В ноябре–декабре 1917 г. в Новочеркасске вместе с М.В. Алексеевым Шульгин
принял активное участие в формировании Добровольческой армии. С марта 1918 по январь
1920 гг. возглавлял нелегальную тайную организацию «Азбука», которая занималась сбором
информации о политических настроениях в среде солдат, офицеров и населения,
политической разведкой, вербовкой офицеров в Белую армию. Сотрудничал с
Осведомительным агентством (Освагом). В мае–июне 1918 г. сотрудничал с Национальным
центром. В августе 1918 г. приехал в армию А.И. Деникина. В 1920 г. вместе с белыми
войсками покинул Крым. Перебравшись в Румынию, в числе других солдат и офицеров
Белой армии был выдворен за пределы страны. Вернувшись в Одессу, занятую красными
войсками, проживал там, на нелегальном положении, затем выехал в Крым, в армию П.Н.

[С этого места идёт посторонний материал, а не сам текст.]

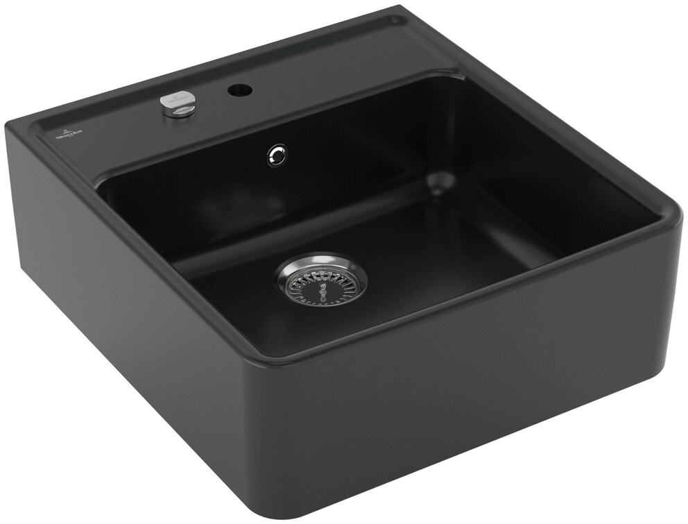 inklusive Ablaufgarnitur mit Excenterbetätigung, Befestigungsset, aus Keramik, 595 x 500 mm,Pure Black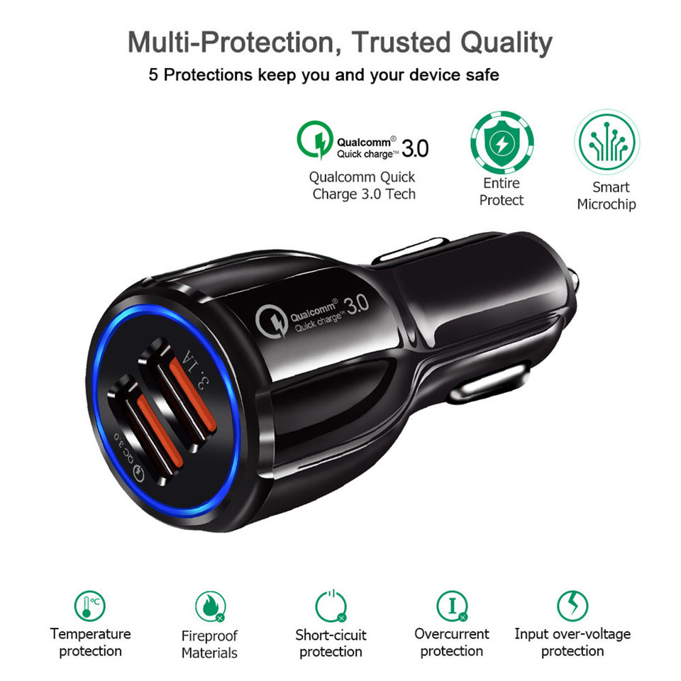 Electric Car Charger Adapter 36w 6.2a Dual Usb Car Charger Qc3.0 12v 2a Quick Charger 2 Ports Fast Charging for Android Samsung

Врангеля. Узнав, что его племянник арестован сотрудниками ЧК, пытался нелегально
проникнуть в Одессу, но не найдя племянника, вновь оказался в Румынии, откуда выехал в
Константинополь. 24 декабря 1920 г. отбыл на полуостров Галлиполи, где находились части
1-го армейского корпуса А.П. Кутепова. В начале 1921 г. вернулся в Константинополь. Затем
жил в различных европейских странах.
Постоянно обращаясь в своих книгах к дореволюционному прошлому, Шульгин делал
вывод, что «Николай II, это несчастный Государь, был рожден на ступенях престола, но не
для престола… у Николая II было множество семейных и человеческих добродетелей и
достоинств, но у него не было качеств, необходимых для царя: твердости и властности»7.
Когда Шульгин уже выйдет на свободу, и будет жить во Владимире, состоится диалог на эту
тему с приехавшими к нему гостями (в т.ч. публицистом Г.М. Шимановым, записавшим эту
беседу).
«После двух-трех фраз А.С. совершает удивительный для меня выпад против автора
“Дней”:
– Василий Витальевич, ведь, советуя императору Николаю Александровичу отречься
от власти, вы же способствовали фактически большевикам, – говорит он с жестковатою
укоризною.
И теперь, мне показалось, мнется уже Шульгин… Вернее, несмотря на свою
неподвижность, он, по-моему напоминает чем-то бабочку, пришпиленную иголкою живьем.